[SUPPLIED INFORMATION — start]
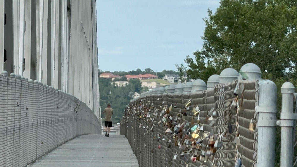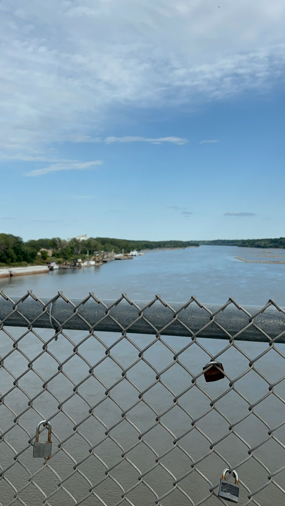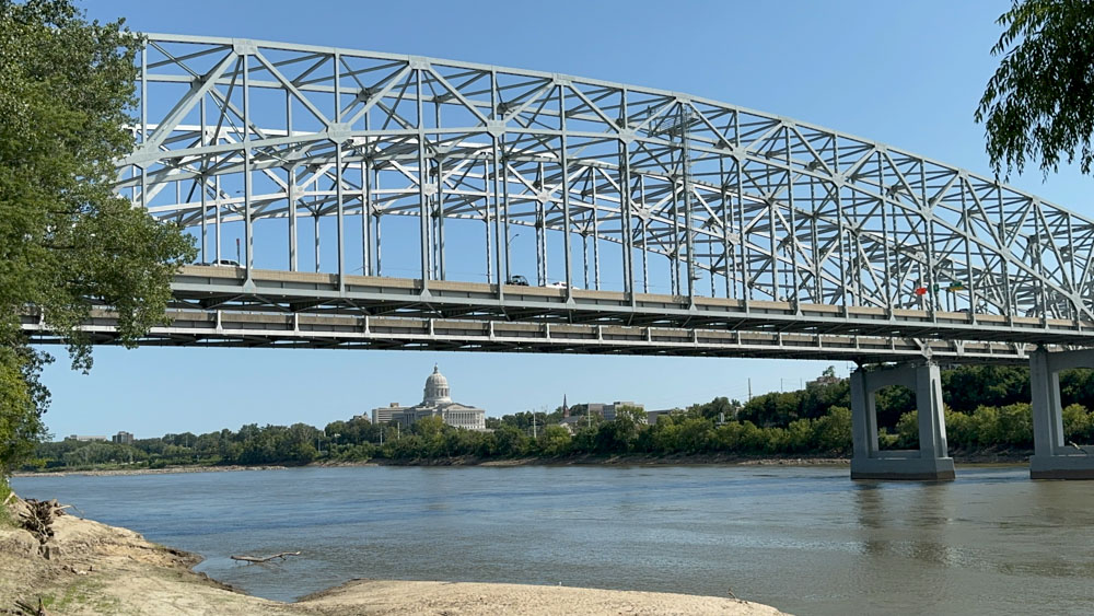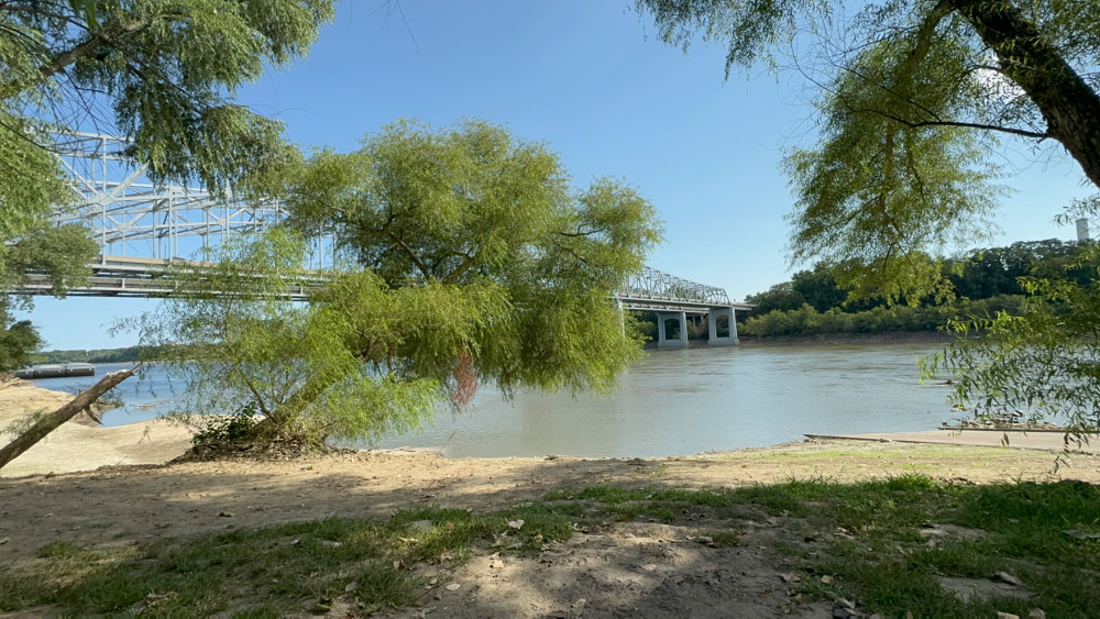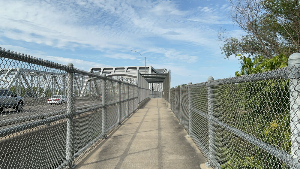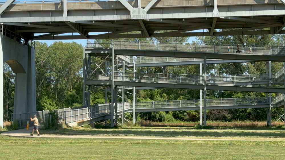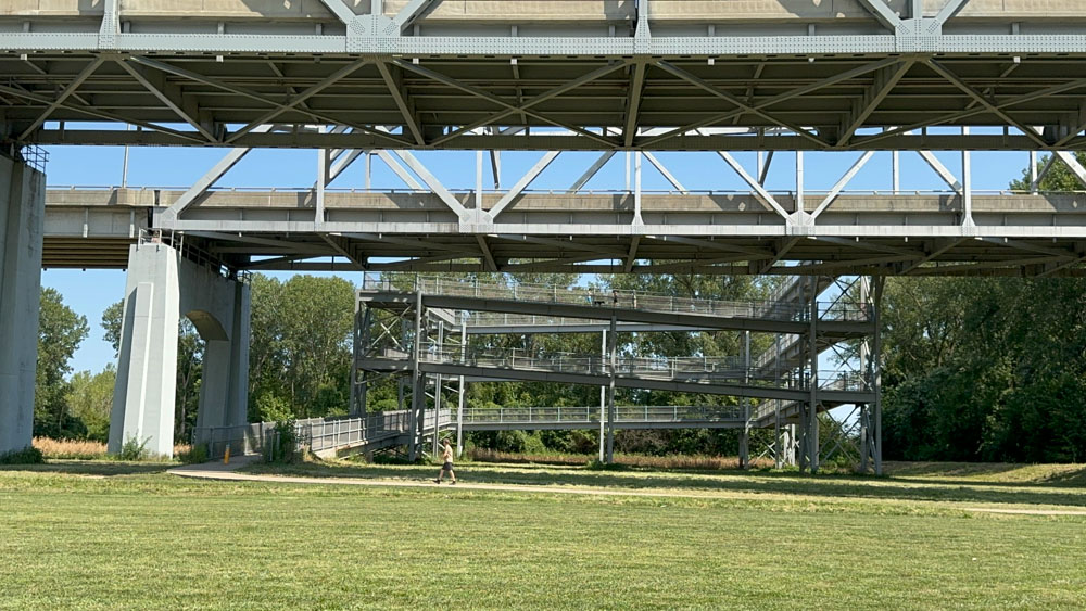 There is a square spiral concrete walking and biking way which takes you upward and downward to the Highway 63/54 that goes over the Missouri River. There is a trail that is used by the Katy Trail system to go across the river. The trail runs next to the major highway and the bridge shakes!
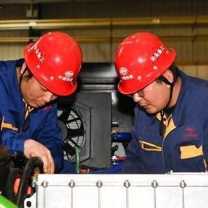 3月22日,中鐵長(cháng)安重工有限公司的工人在生產(chǎn)線(xiàn)上調試即將下線(xiàn)的95噸純電動(dòng)礦用自卸車(chē)。
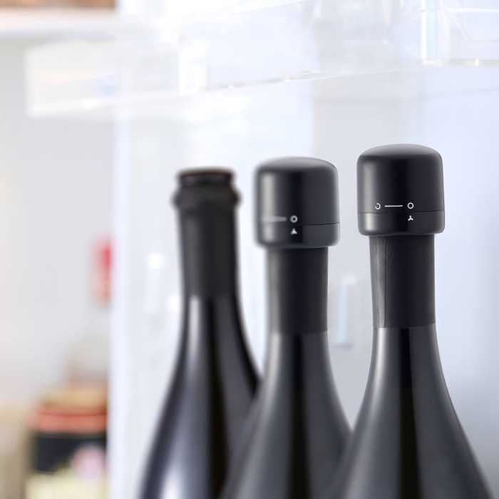 Відкривати пляшки вина та зберігати їхню свіжість стане набагато простіше з пробкою Semi Wine Stopper в елегантному чорному кольорі. Цей аксесуар стане ідеальним помічником для всіх любителів вина, який допоможе продовжити термін зберігання вина після відкриття пляшки.
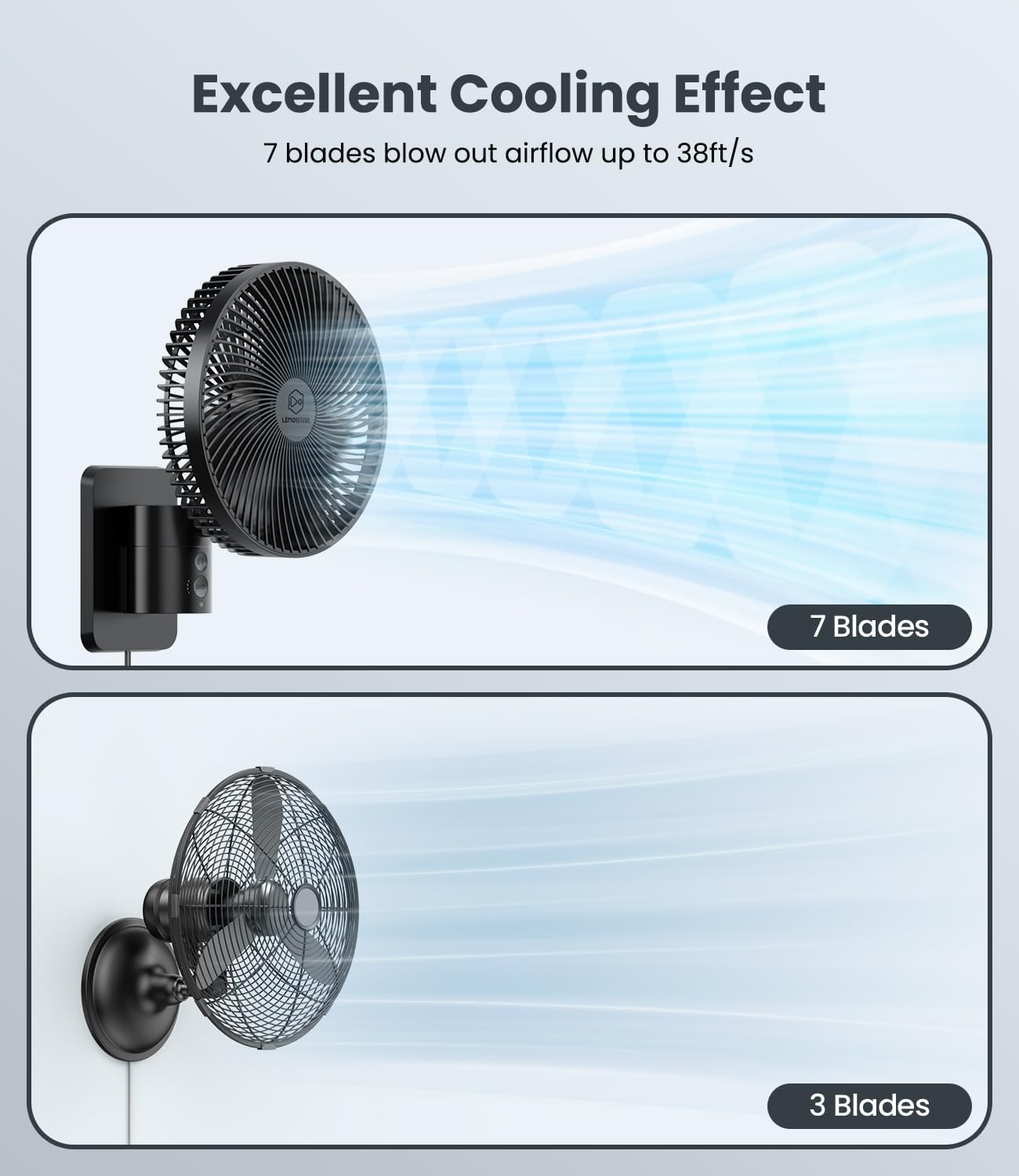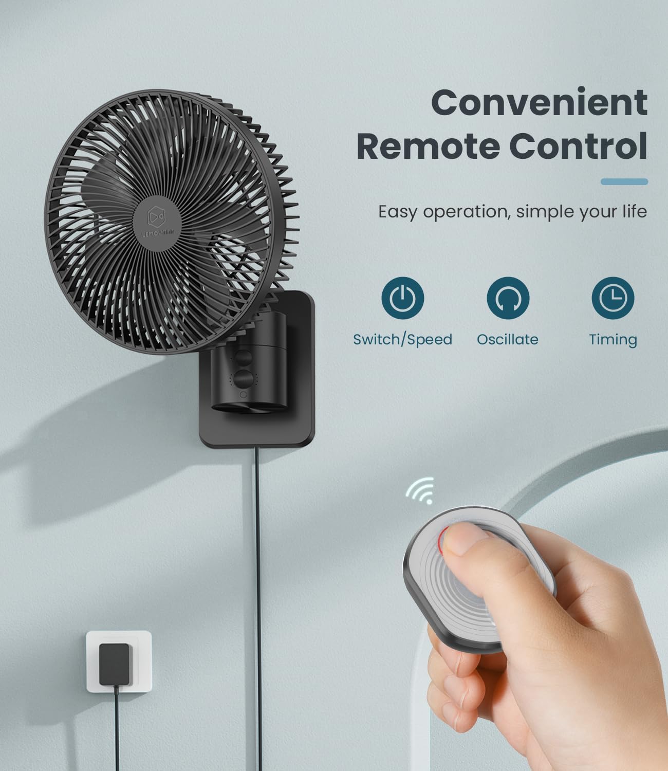 LEMOISTAR 8 Inch Small Wall Mounted RV Fan with Remote Control, 90° Oscillating, 4 Speeds, 4 Timer, Adjustable Tilt, 70 Inch Cord, Quiet, for Corner Bedroom Home Office Garage-Black
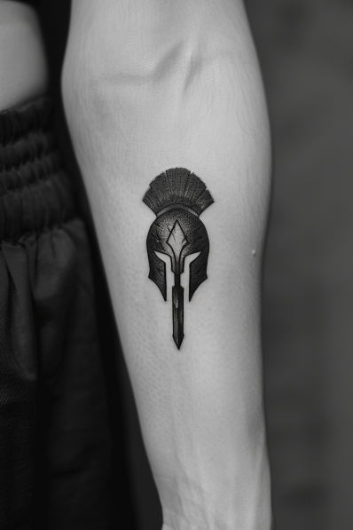 I think this tattoo is awesome because it proves that sometimes, less really is more. The minimalist style makes it versatile and easy to pair with other tattoos, or it can stand alone as a statement piece. It s like a quiet nod to the warrior spirit without being overly flashy. Plus, the forearm placement makes it visible enough to catch the eye without being too overwhelming. If you re into the Spartan theme but want to keep it low-key, this design nails it.
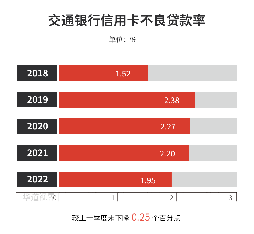 截至报告期末,交通银行信用卡不良率为1.95%,较上年末下降0.25个百分点;
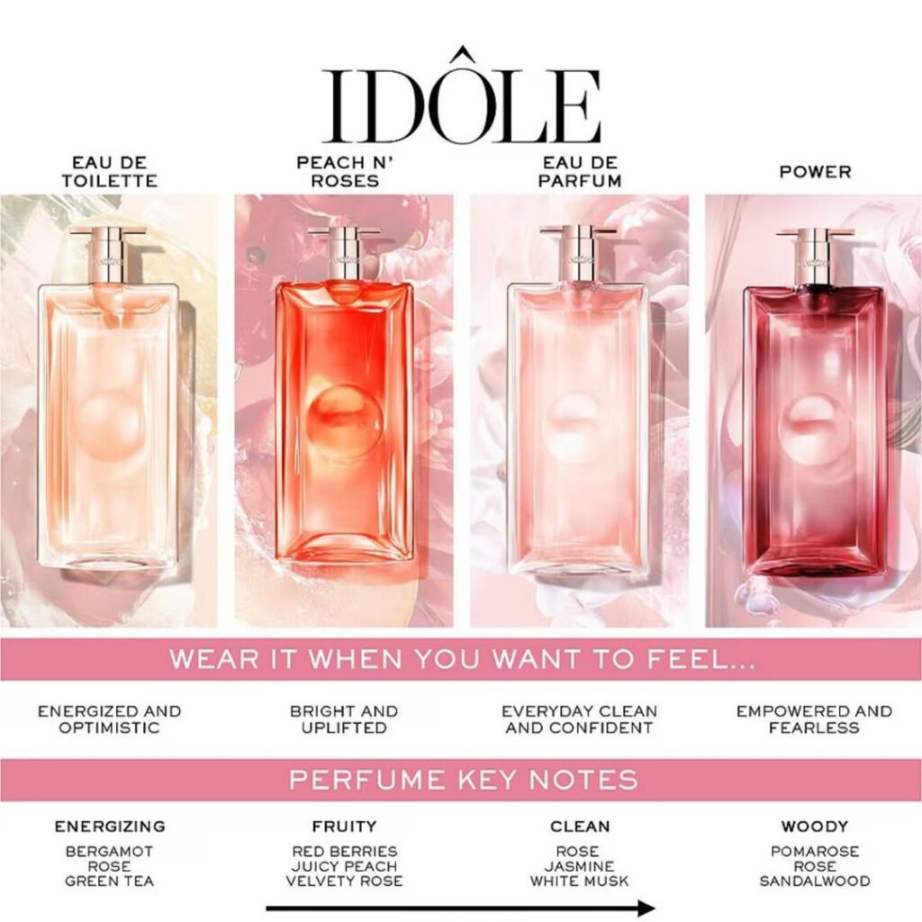 Нагадаємо, до сьогодні серія Lancôme Idole налічувала 6 ароматів. Так, Lancôme Idôle Eau de Parfum – оригінальний аромат, випущений першим у 2019 році. Згодом вийшли: Idôle Aura (яскравіша, свіжіша версія, Idôle Nectar (гурманська інтерпретація), Idôle Now, Idôle Power та Lancome Idole туалетна вода.
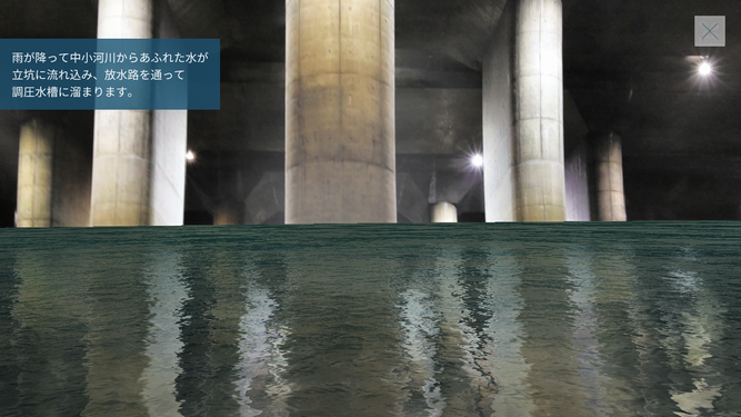 - 現実では見ることができない、洪水が流入してくる調圧水槽の様子を、疑似体験できます。
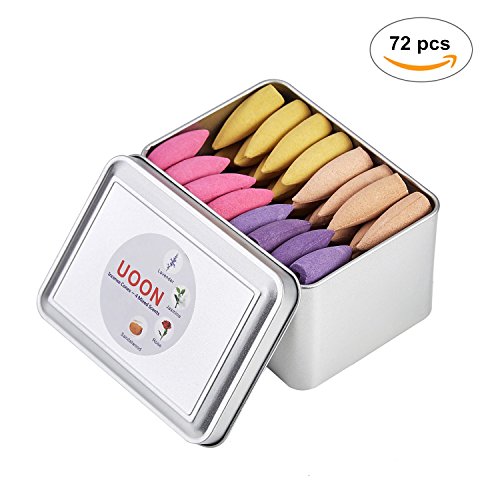 UOON Backflow Incense Cones | Rose + Jasmine + Lavender + Sandalwood Mixed Natural Fragrant Cones (72pcs,15minutes)
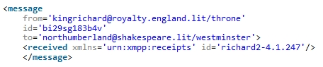 NSString *siID = [XMPPStream generateUUID]; //發送消息 XMPPMessage *message = [XMPPMessage messageWithType:@"chat" to:jid elementID:siID]; NSXMLElement *receipt = [NSXMLElement elementWithName:@"request" xmlns:@"urn:xmpp:receipts"]; [message addChild:receipt]; [message addBody:@"測試"]; [self.xmppStream sendElement:message];
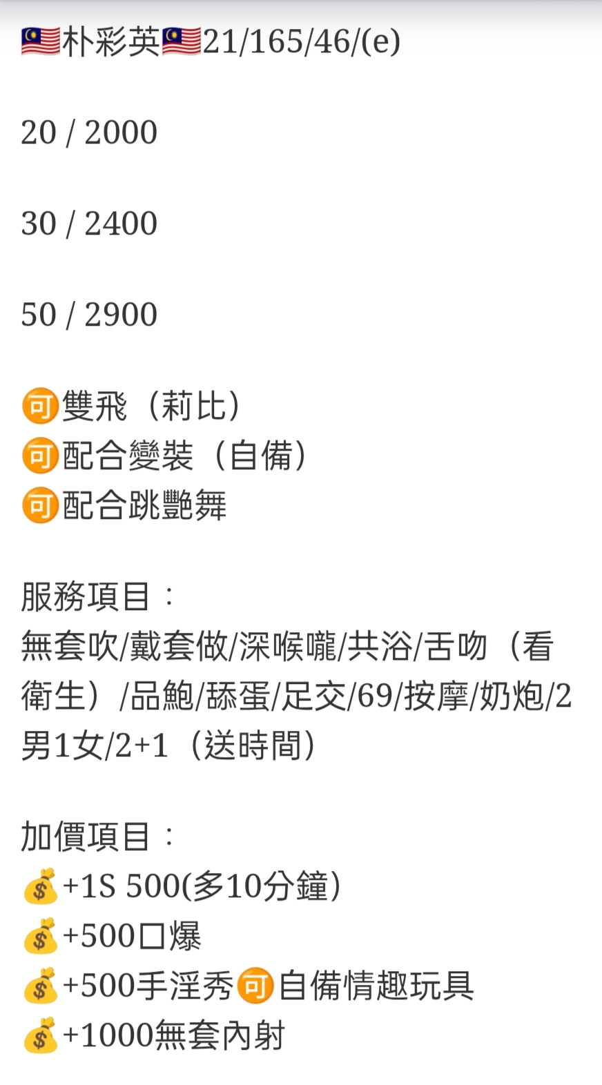 🇲🇾員林定點馬來妹 朴彩英 朴彩英 21/165/46/(e) 20 / 2000 30 / 2400 50 / 2900 雙飛(莉比) 配合變裝(自備) 配合跳艷舞 服務項目: 無套吹/戴套做/深喉嚨/共浴/舌吻(看衛生)/品鮑/舔蛋/足交/69/按摩/奶炮/2男1女/2+1(送時間) 加價項目: +1S 500(多10分鐘) +500口爆 +500手淫秀 自備情趣玩具 +1000無套內射 相關商品 Quick View Quick View 🇲🇾員林定點馬來妹 朴海茵 Quick View Quick View 🇻🇳員林定點越妹 希媛
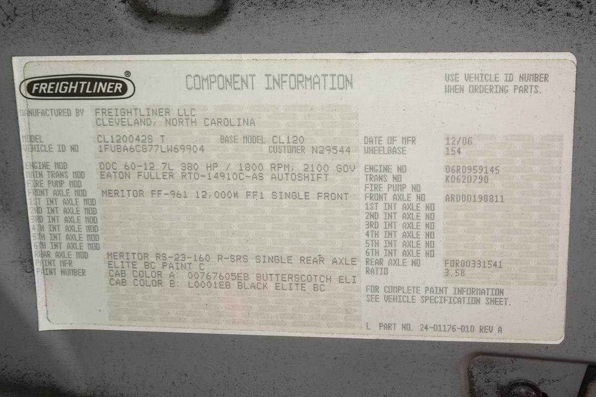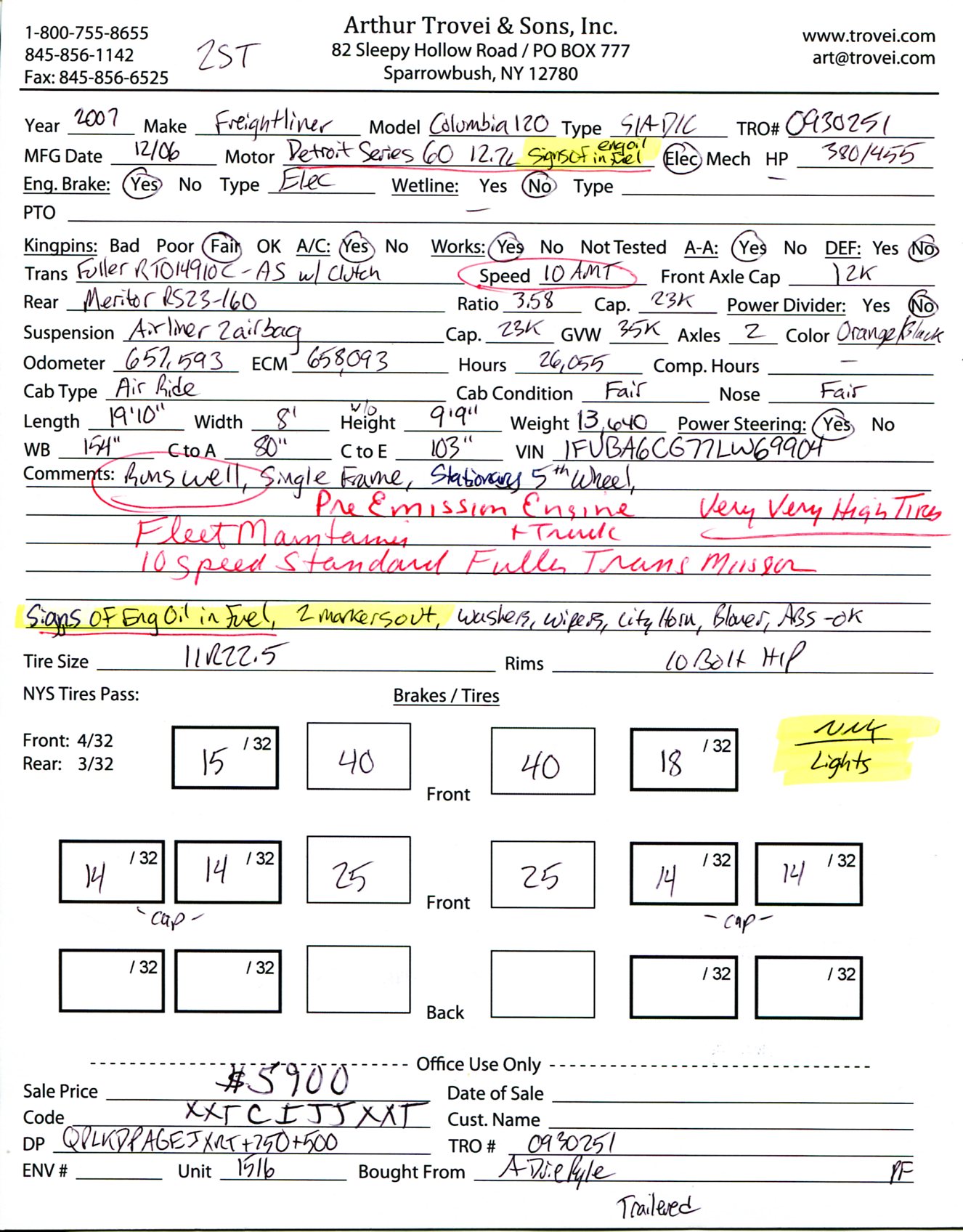 Inventory # 0930251Year: 2007 Make: Freightliner Model: Columbia 120 Type: Single Axle Day Cab Tractor VIN: 1FUBA6CG77LW69904 Motor: Detroit Series 60 12.7L Elec 380/455 HP - Signs Of Oil In Fuel Air to Air: Yes Air Conditioning: Yes (Works) Engine Brake: Electronic DEF: No Transmission: Fuller RTO14910C-AS 10 Speed Automated Manual Transmission With Clutch PTO: No Front Axle: 12,000 lb Rear: Meritor RS23-160 23,000 lb Ratio: 3.58 Power Divider: N/A Suspension: Airliner 2 Air Bag 23,000 lb Tires: 11R22.5 Rims: 10 Bolt Hub Pilot - Steel Odometer Reading: 657,593 ECM: 658,093 Hour Meter Reading: 26,055 ECM Hour Reading: Length: 19'10" Width: 8' Height: 9'9" Wheelbase: 154" Cab to Axle: 80" Cab to End: 103" Weight: 13,640 lbs GVW: 35,000 lb Added Features: Runs Well, Single Frame, Stationary 5th Wheel Price: $5,900 NNY 2STXXTCIJJXXTQPLKDPAGEJXRT+750+500 Terms of Sale
[SUPPLIED INFORMATION — finish]
Leave out every picture, and copy exactly the lines above starting at the one holding "3月22日,中鐵長(chán" and ending at the one holding "Відкривати пляшки вина", no more and no less.

# [TASK ANSWER]
 3月22日,中鐵長(cháng)安重工有限公司的工人在生產(chǎn)線(xiàn)上調試即將下線(xiàn)的95噸純電動(dòng)礦用自卸車(chē)。
 Відкривати пляшки вина та зберігати їхню свіжість стане набагато простіше з пробкою Semi Wine Stopper в елегантному чорному кольорі. Цей аксесуар стане ідеальним помічником для всіх любителів вина, який допоможе продовжити термін зберігання вина після відкриття пляшки.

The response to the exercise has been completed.